10. The rAAV transgene of claim 9, wherein the first promoter is a pol II promoter selected from the group consisting of polyubiquitin C (UBC) promoter, cytomegalovirus (CMV) promoter, simian virus 40 (SV40) promoter, chicken beta-Actin promoter and rabbit beta-Globin splice acceptor site fusion (CAG), chicken β-actin promoter with cytomegalovirus enhancer (CB7), PGK promoter, Jens Tornoe (JeT) promoter, GUSB promoter, CBA hybrid (CBh) promoter, elongation factor-1 alpha (EF-1alpha) promoter, beta-actin promoter, Rous sarcoma virus (RSV) promoter, silencing-prone spleen focus forming virus (SFFV) promoter, CMVd1 promoter, truncated human CMV (tCMVd2) promoter, minimal CMV promoter, hepB promoter, chicken j-actin promoter, HSV TK promoter, Mini-TK promoter, minimal IL-2 promoter, GRP94 promoter, Super Core Promoter 1, Super Core Promoter 2, Super Core Promoter 3, adenovirus major late (AdML) promoter, MLC promoter, MCK promoter, GRK1 protein promoter, Rho promoter, CAR protein promoter, hSyn Promoter, Ula promoter, Ribosomal Protein Large subunit 30 (Rpl30) promoter, Ribosomal Protein Small subunit 18 (Rps18) promoter, CMV53 promoter, minimal SV40 promoter, CMV53 promoter, SFCp promoter, Mecp2 promoter, pJB42CAT5 promoter, MLP promoter, EFS promoter, rhodopsin promoter, MeP426 promoter, MecP2 promoter, Desmin promoter, MHCK promoter, MHCK7 promoter, beta-glucuronidase (GUSB) promoter, CK7 promoter, and CK8e promoter.

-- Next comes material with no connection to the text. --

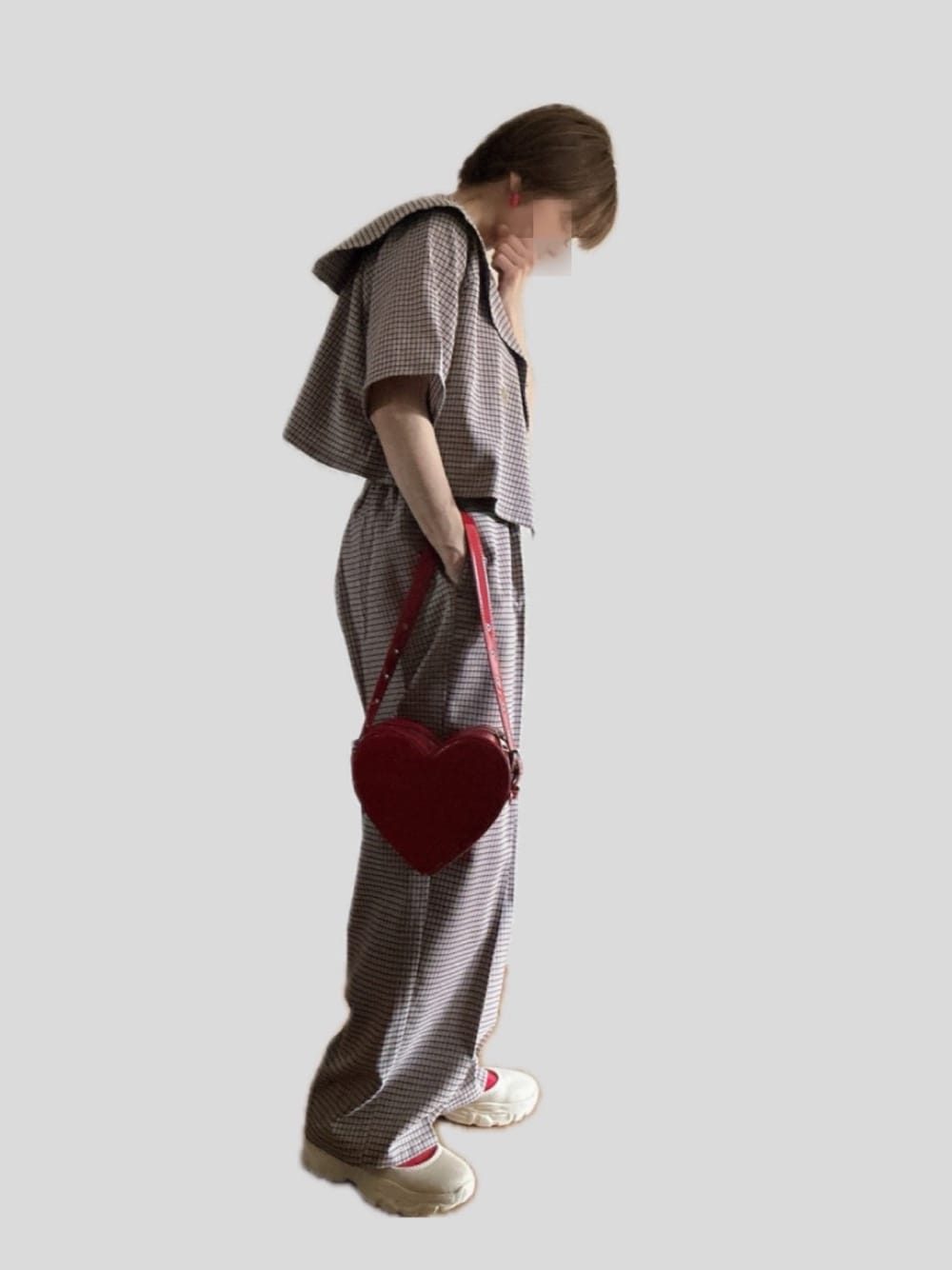 バッグ、イヤリング、ソックスで赤リンク🔗 セットアップはセーラーカラーがかわいい˙ᵕ˙ zozoでsaleの時に購入 GUのカップ付きインナーとネックレス 買ってよかったもの˙ᵕ˙

11. The rAAV transgene of claim 9 or claim 10, wherein the first promoter is a pol II promoter selected from the group consisting of U1A, UbC, and JeT.

12. The rAAV transgene of any one of claims 9-11, wherein the first promoter comprises a sequence selected from the group consisting of SEQ ID NOS: 3532-3562, 3714-3739, 3773-3778, and 9344-9350, or a sequence having at least about 70%, at least about 80%, at least about 85%, at least about 90%, at least about 95%, at least about 95%, at least about 96%, at least about 97%, at least about 98%, or at least about 99% identity thereto.

13. The polynucleotide of any one of claims 9-12, wherein the first promoter sequence has less than about 400 nucleotides, less than about 350 nucleotides, less than about 300 nucleotides, less than about 200 nucleotides, less than about 150 nucleotides, less than about 100 nucleotides, less than about 80 nucleotides, or less than about 40 nucleotides.

14. The rAAV transgene of any one of claims 9-13, wherein the second promoter is a pol III promoter selected from the group consisting of human U6 promoter, human U6 variant promoter, human U6 isoform variant promoter, mini U61 promoter, mini U62 promoter, mini U63 promoter, BiH1 (Bidrectional H1 promoter), BiU6 (Bidirectional U6 promoter), gorilla U6 promoter, rhesus U6 promoter, human 7sk promoter, and human HI promoter.

15. The rAAV transgene of claim 14, wherein the second promoter is a pol III promoter selected from the group consisting of human U6, human U6 variant, or human U6 isoform variant.

16. The rAAV transgene of claim 15, wherein the second promoter comprises a sequence selected from the group consisting of SEQ ID NOS: 3563, 3566-3582, 3599-3602, 3740-3746, 4025, 4029, 4032, and 4743 or a sequence having at least about 70%, at least about 80%, at least about 85%, at least about 90%, at least about 95%, at least about 95%, at least about 96%, at least about 97%, at least about 98%, or at least about 99% identity thereto.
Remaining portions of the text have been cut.